Queixas devido a casos de fraude
O Sindicato dos Enfermeiros Portugueses (SEP) já recebeu queixas de profissionais recrutados por empresas para trabalharem no estrangeiro e que se sentiram enganados.
Guadalupe Simões, coordenadora do SEP, afirmou ao CM que vários enfermeiros queixaram–se após terem assinado um contrato para exercerem funções como enfermeiros mas quando chegaram aos países viram-se confrontados com a exigência de terem de exercerem funções de auxiliares em casas de repouso.
“São situações de fraude que devem ser denunciadas e repudiadas”, sublinhou Guadalupe Simões. O SEP tem vindo a alertar os enfermeiros para os cuidados a ter em relação aos contratos propostos e, alerta a dirigente sindical, para os casos em que as empresas retêm os passaportes aos enfermeiros. Não há casos conhecidos entre portugueses.
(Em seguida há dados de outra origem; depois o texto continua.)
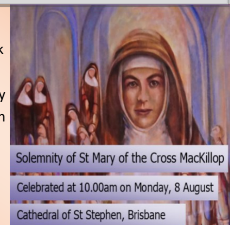
Solemnity of St Mary of the Cross MacKillop
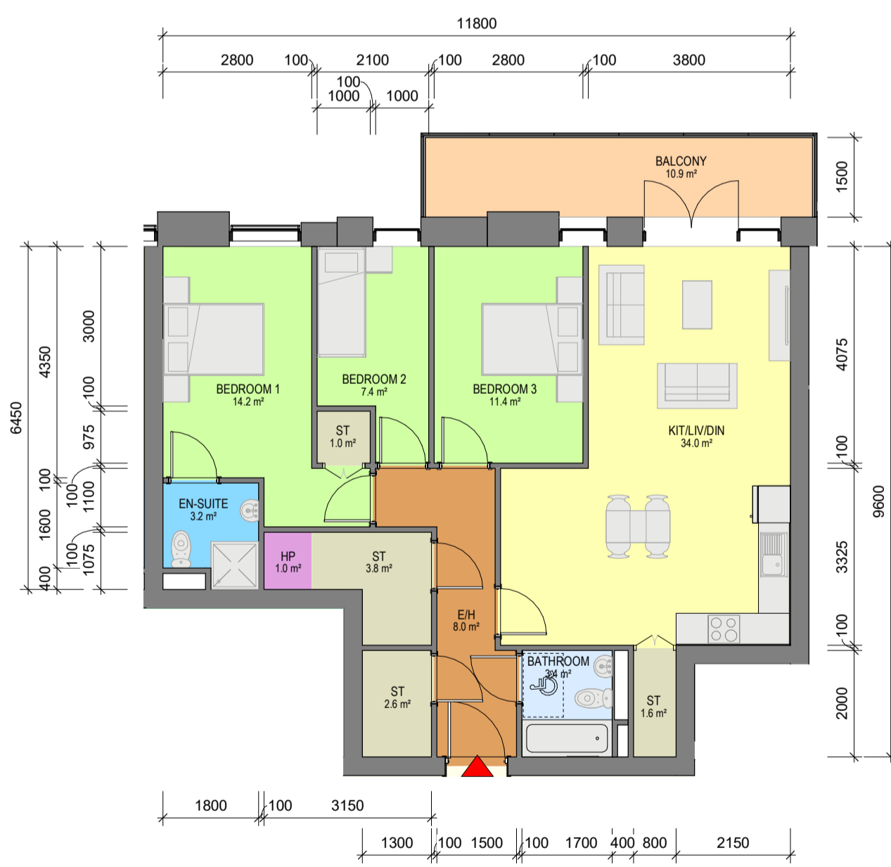
4 Apartment Type 3D
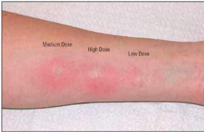
Figure 3. Reactions to different doses of thimerosal-free hyaluronidase. Low, medium, and high doses were equivalent to 10, 20, and 30 U of drug, respectively. Reproduced from reference 83, with permission.

facturers produce hyaluronidase as an API rather than via FDA current Good Manufacturing Processes (cGMP) for approved products.
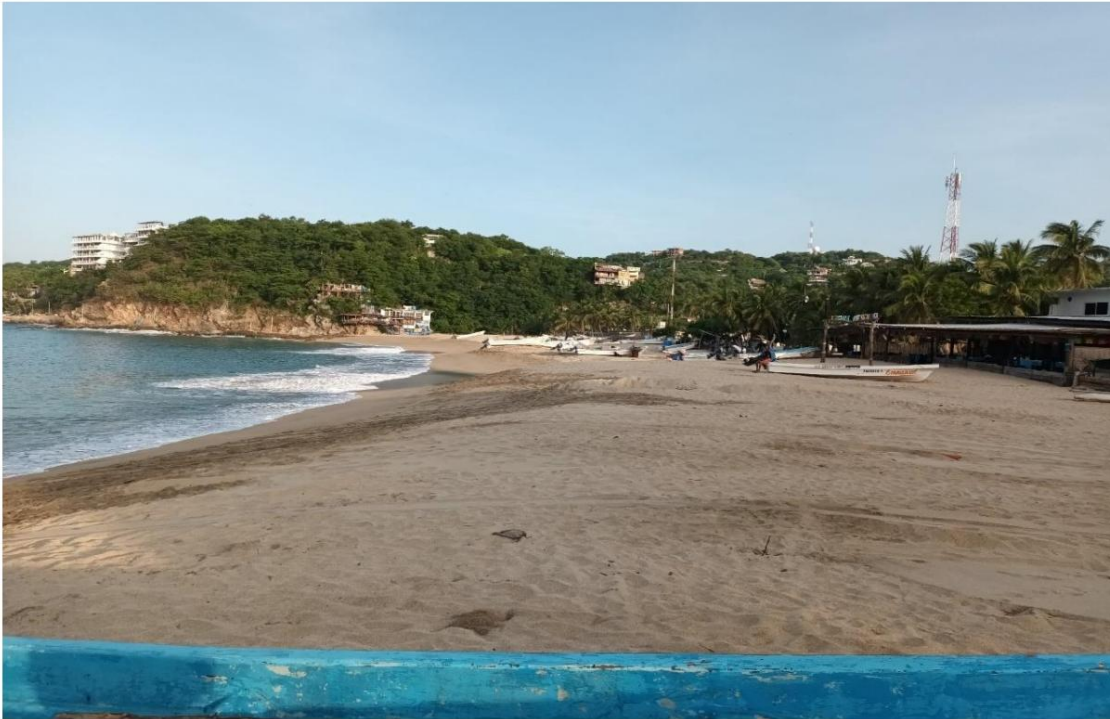
Photograph 1. Evidence of black skipjack monitoring

Discurso directo: Germano Couto, Bastonário dos Enfermeiros
“Há falta de visão política em Portugal”
Correio da Manhã – Como vê a emigração dos enfermeiros?
Germano Couto – Com grande preocupação. O País e as famílias investiram na formação dos jovens e os serviços precisam deles. Devido à austeridade e à falta de visão política, os profissionais, altamente qualificados, são forçados a trabalhar fora do País.